`By all means…'

Tweed checked his notebook, dialled police headquarters, asked to talk to Chief Inspector Benoit, speaking in French. Benoit came on the line very quickly.

`Lucie Delvaux,' Tweed said. 'Have you any opinion on how her hand was taken off?'

`Pathologist's report just came through to me over the phone. They have a nice way of putting things, these chaps. He said the amputation of the hand was a really beautiful job. Must have been executed by a top surgeon. Plus a lot of technical data you won't want.'

`Thank you, Benoit. How is everything in Brussels?'

`A close but very discreet watch being kept on Delvaux. Even he isn't aware of it. No developments so far. I will keep in touch…'

Tweed put down the phone, offered to pay for the call, but Rabin waved the idea aside. He listened as Tweed repeated the gist of his conversation with Benoit.

`I see,' he said slowly. 'This is all rather disturbing.'

`The point is,' Tweed said quietly, 'do you know of a surgeon who could have done this? Someone brilliant but possibly struck off the Register for conduct unbecoming, etc.?'

Rabin's ruddy complexion seemed to grow a little redder. Tweed saw him glance at a framed photograph on the wall. The photograph showed a group of men gathered together in apparently exotic surroundings. Rabin's tone became a little sharper.

Then you had the body of Harvey Boyd sent to me. I've also completed that examination. Quite a different kettle of fish from Irene Andover – but again strange.'

`Strange in what way?' Tweed queried for the second time.

Rabin's mind seemed now to be only half on what he was saying.

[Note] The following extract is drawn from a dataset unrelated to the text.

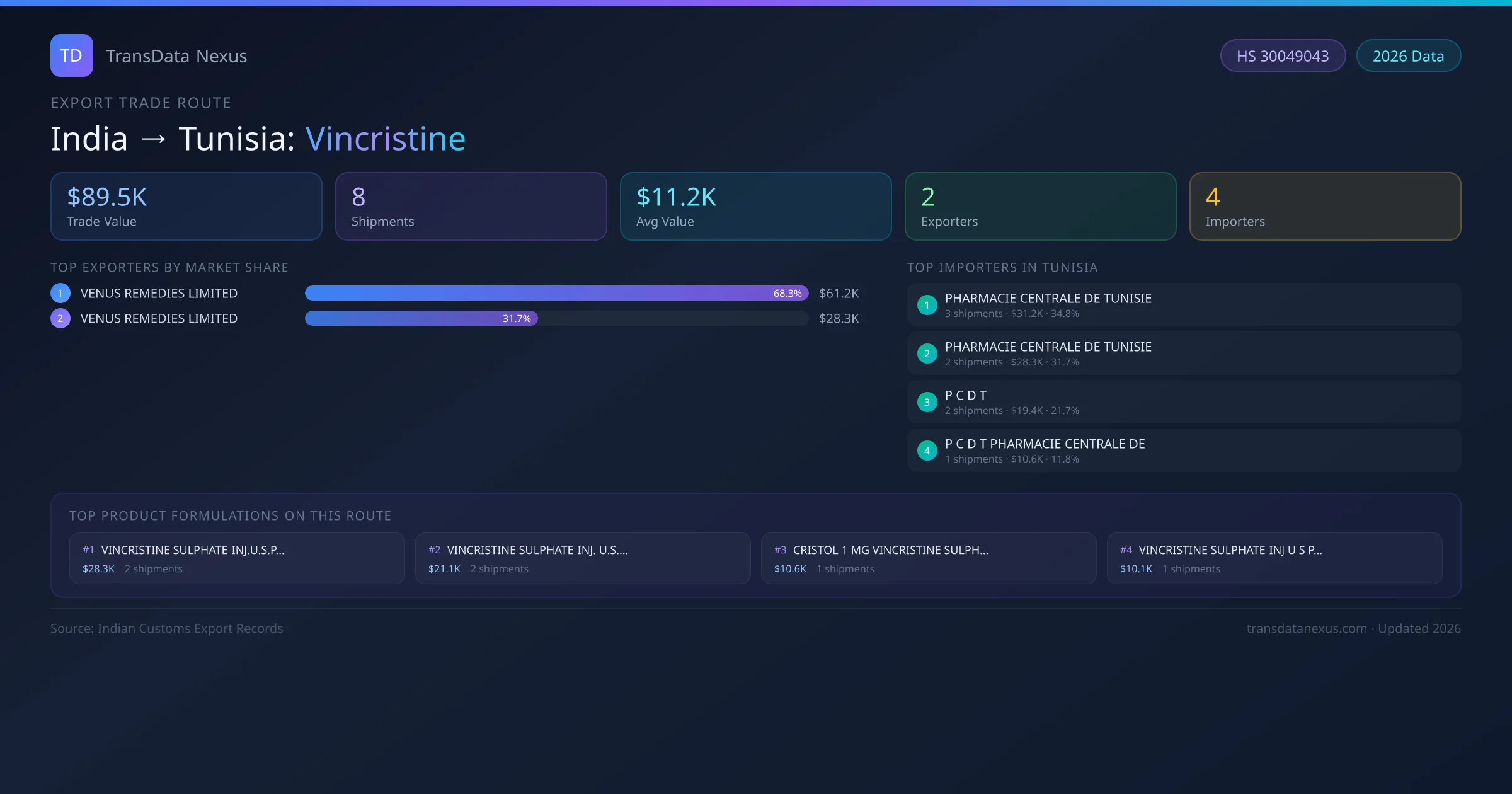The India to Tunisia Vincristine corridor is one of India's established pharmaceutical export routes, with 8 shipments documented worth a combined $89.5K USD. The route is dominated by VENUS REMEDIES LIMITED, which alone accounts for roughly 68% of all export value, reflecting the consolidated nature of India's vincristine manufacturing sector.

`Well, first there can be no question at all that this was a professional amputation. Nothing of the sort. But I am puzzled. The side of the head, as you know, was fairly cleanly sliced away. Note I used the word fairly.'

`Sliced away by what?' Tweed pressed.

`Ah! that is the point. According to what you told me on the phone Boyd was in a small powerboat when he died. A boat in motion on the River Lymington when there was a dense fog. So the obvious assumption is another far larger and more powerful vessel sank him. But the portion of the head removed was taken off so cleanly. I am further puzzled when I tell you I found in the skull minute fragments of what I imagine was the wreckage of his powerboat at the time of the collision.'

`So why are you puzzled?'

`Because the normal hull of a larger vessel would have smashed up his skull far more brutally. That's all I can say.'

`You could tell hie about the surgeon capable of amputating Irene Andover's arm with such skill.'

Rabin cleared his throat. 'Now we are in the realm of professional ethics. My lips are sealed.'

Tweed put down his cup carefully. He stood up, reached for his Burberry placed over the arm of a chair, put it on slowly, then stood erect, hands shoved inside his coat pockets. Rabin, thinking he was leaving, looking uncomfortable, also stood up. Tweed braced himself, stared hard at his host.

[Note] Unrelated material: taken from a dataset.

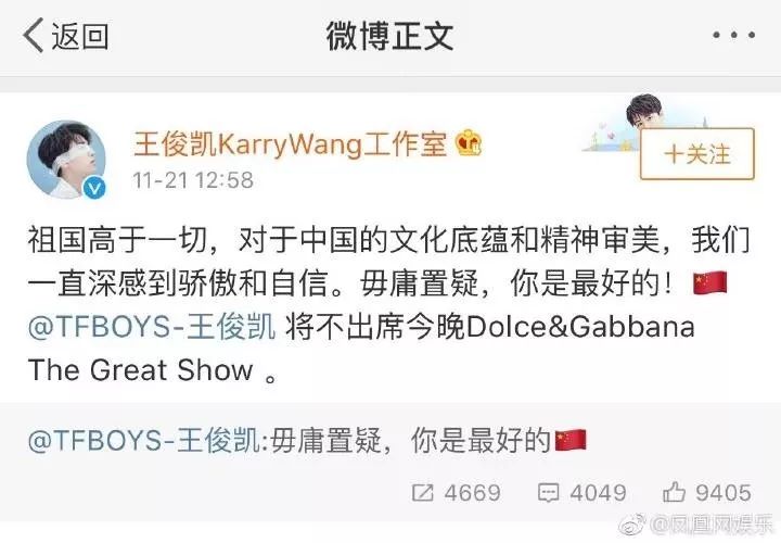 随后工作室也转发称,祖国高于一切,王俊凯将不出席今晚D&G的大秀。
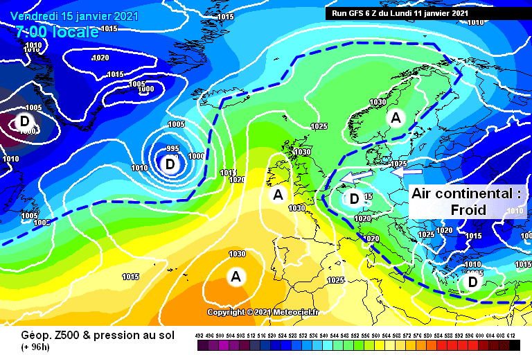 Schéma de la situation atmosphérique envisagée pour le vendredi 15 janvier – Modèle GFS via météociel.fr

`Then you'll have to unseal your lips, won't you? Throw so-called medical ethics to the winds.' His voice was cold and grim. 'Now you listen to me. There have been two cases so far of eminent men having close relatives kidnapped. No ransom demanded. Just an order that they must retire prematurely from all professional activity. And, to encourage them, at a certain stage one receives the severed arm of his daughter. The other, the severed hand of his wife. Later, the father of the first victim, Andover, has to be told his daughter's dead body has been washed up in the Solent. You've just examined her body. Murdered by the cold-blooded injection of cyanide. Rabin, this is a matter of national security. I know now I have stumbled on a conspiracy of global proportions. My only lead is the fiend who carried out the amputations. I need a name.'

`You make out a very strong case,' Rabin commented.

`And, if necessary, I can make out a much stronger one,' Tweed continued in the same controlled voice. 'I think you know who the surgeon might be. Who?'

`This conversation has to remain strictly between the two of us…'

`Did you have to say that, knowing me?' Tweed demanded.

Rabin gave him a quick glance, walked over to the wall. He took down the framed photograph he had looked at earlier, laid it on the top of a sideboard.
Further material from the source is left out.